[Computer Vision] Stereo Vision

Authored by Tony Feng

Created on Feb 23th, 2022

Last Modified on Mar 7th, 2022

Intro

This sereis of posts contains a summary of materials and readings from the course CSCI 1430 Computer Vision that I’ve taken @ Brown University. This course covers the topics of fundamentals of image formation, camera imaging geometry, feature detection and matching, stereo, motion estimation and tracking, image classification, scene understanding, and deep learning with neural networks. I posted these “Notes” (what I’ve learnt) for study and review only.


Multi-view Geometry

Problems

  • Camera Motion
  • Stereo Correspondence
  • Structure from Motion
  • Optical Flow

General Pipeline

  • Calibrating cameras
  • Rectifying images
  • Correspondence
  • Estimate depth

Stereo Geometry

One case of 3D reconstruction is when we don’t know how far a 3D object is nor the shape of it. But we do know the camera geometry and the projection of that shape onto our images. Now, we’re trying to find what $X$ is.
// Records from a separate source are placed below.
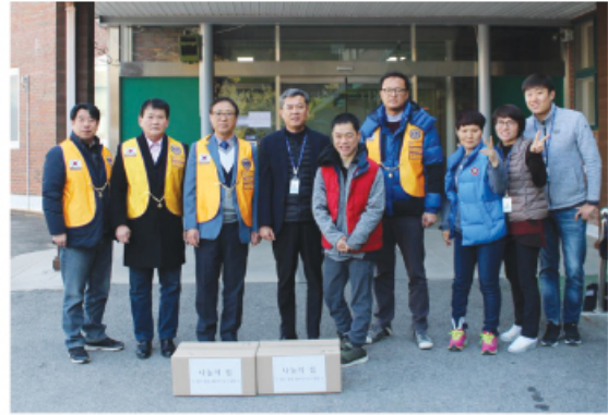
2/7 중원MJF라이온스클럽 후원물품 전달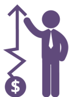
Возможность заработать больше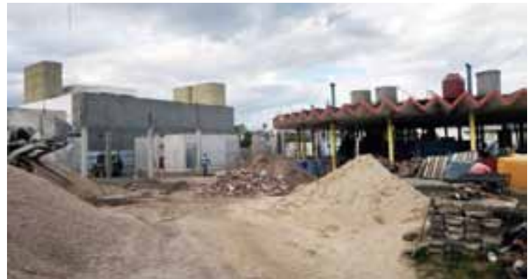
Edificio del CD y Registro Civil, actualmente en construcción.

However, multiple points in 3D can result to the same projection!

We need one point that is along the lines that is the true $(x, y)$ position. Triangulation uses two images and you try to find the same $x$ point in both images. Since both images represent the same object in space, they would both intersect at a point. The second camera/images fixes the image of $X$ along the line we see.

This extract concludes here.